SOURCE INFORMATION:
○ ○ ○ ○ ○ ○ ○

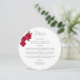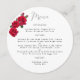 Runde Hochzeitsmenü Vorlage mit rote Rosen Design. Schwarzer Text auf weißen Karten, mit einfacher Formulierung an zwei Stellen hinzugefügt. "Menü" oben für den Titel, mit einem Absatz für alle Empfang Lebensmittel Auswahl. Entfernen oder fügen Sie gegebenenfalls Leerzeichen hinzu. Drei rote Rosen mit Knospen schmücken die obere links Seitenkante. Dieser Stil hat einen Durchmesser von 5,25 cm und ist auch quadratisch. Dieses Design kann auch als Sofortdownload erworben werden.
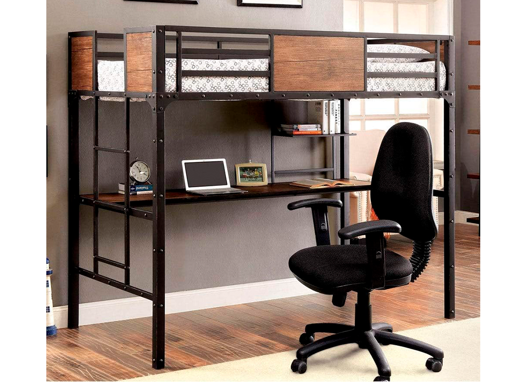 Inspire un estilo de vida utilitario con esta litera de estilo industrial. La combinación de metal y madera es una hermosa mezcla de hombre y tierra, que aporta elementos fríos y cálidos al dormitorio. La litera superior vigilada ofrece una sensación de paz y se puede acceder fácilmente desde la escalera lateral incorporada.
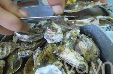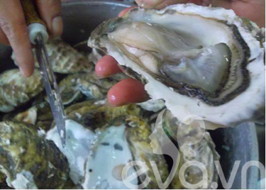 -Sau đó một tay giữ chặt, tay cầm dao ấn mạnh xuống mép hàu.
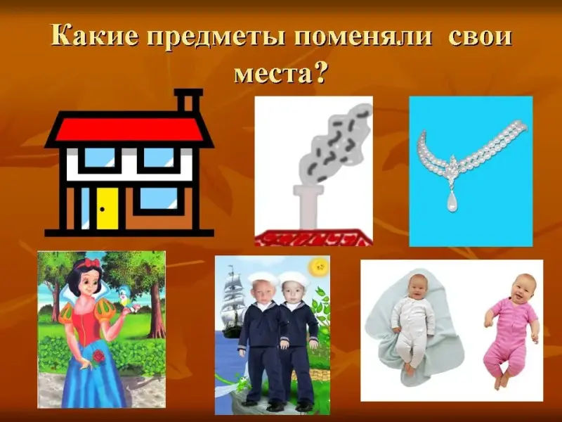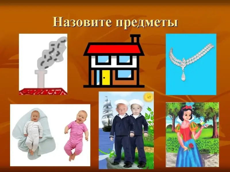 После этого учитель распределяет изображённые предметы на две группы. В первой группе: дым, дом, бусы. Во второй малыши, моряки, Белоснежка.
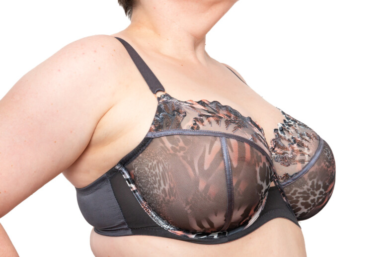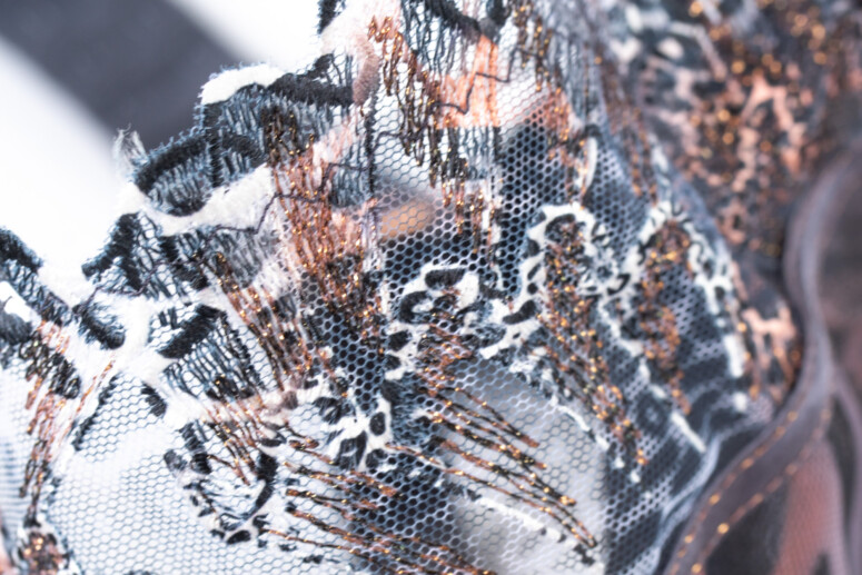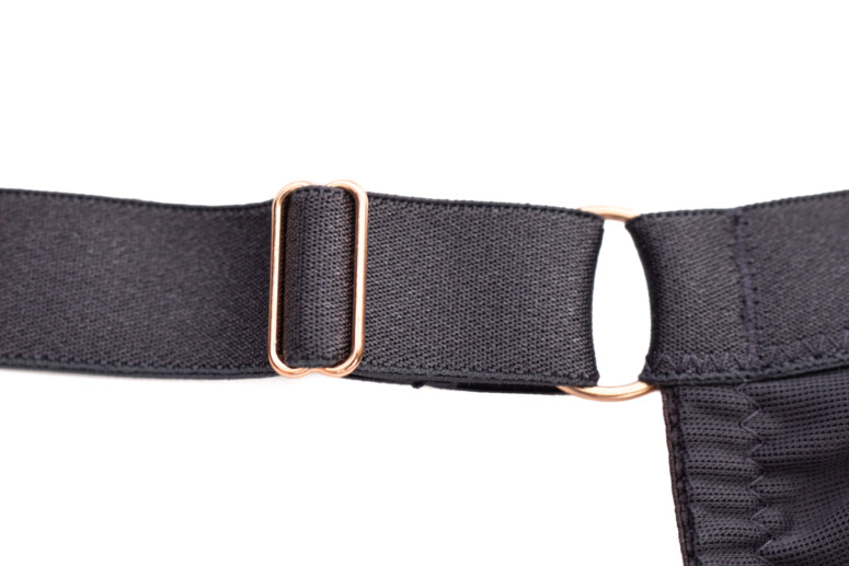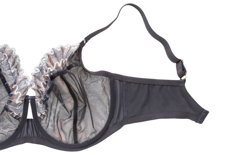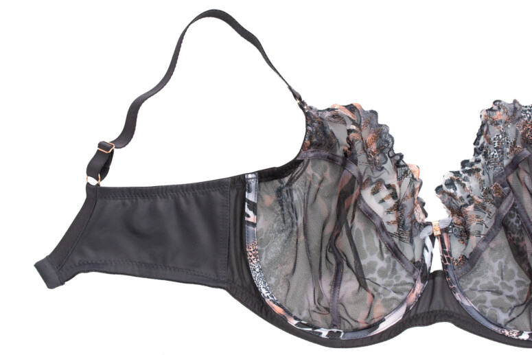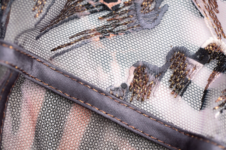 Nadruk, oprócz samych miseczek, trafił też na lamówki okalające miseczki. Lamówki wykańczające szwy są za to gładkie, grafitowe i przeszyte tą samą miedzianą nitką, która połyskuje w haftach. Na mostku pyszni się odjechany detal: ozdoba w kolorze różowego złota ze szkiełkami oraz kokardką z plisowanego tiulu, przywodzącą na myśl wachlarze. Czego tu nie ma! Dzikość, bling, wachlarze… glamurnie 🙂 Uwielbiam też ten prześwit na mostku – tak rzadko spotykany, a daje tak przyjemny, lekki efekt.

○ ○ ○ ○ ○ ○ ○

An exact copy of each entry is required, minus the pictures.

WRITTEN SOLUTION:
 Runde Hochzeitsmenü Vorlage mit rote Rosen Design. Schwarzer Text auf weißen Karten, mit einfacher Formulierung an zwei Stellen hinzugefügt. "Menü" oben für den Titel, mit einem Absatz für alle Empfang Lebensmittel Auswahl. Entfernen oder fügen Sie gegebenenfalls Leerzeichen hinzu. Drei rote Rosen mit Knospen schmücken die obere links Seitenkante. Dieser Stil hat einen Durchmesser von 5,25 cm und ist auch quadratisch. Dieses Design kann auch als Sofortdownload erworben werden.
 Inspire un estilo de vida utilitario con esta litera de estilo industrial. La combinación de metal y madera es una hermosa mezcla de hombre y tierra, que aporta elementos fríos y cálidos al dormitorio. La litera superior vigilada ofrece una sensación de paz y se puede acceder fácilmente desde la escalera lateral incorporada.
 -Sau đó một tay giữ chặt, tay cầm dao ấn mạnh xuống mép hàu.
 После этого учитель распределяет изображённые предметы на две группы. В первой группе: дым, дом, бусы. Во второй малыши, моряки, Белоснежка.
 Nadruk, oprócz samych miseczek, trafił też na lamówki okalające miseczki. Lamówki wykańczające szwy są za to gładkie, grafitowe i przeszyte tą samą miedzianą nitką, która połyskuje w haftach. Na mostku pyszni się odjechany detal: ozdoba w kolorze różowego złota ze szkiełkami oraz kokardką z plisowanego tiulu, przywodzącą na myśl wachlarze. Czego tu nie ma! Dzikość, bling, wachlarze… glamurnie 🙂 Uwielbiam też ten prześwit na mostku – tak rzadko spotykany, a daje tak przyjemny, lekki efekt.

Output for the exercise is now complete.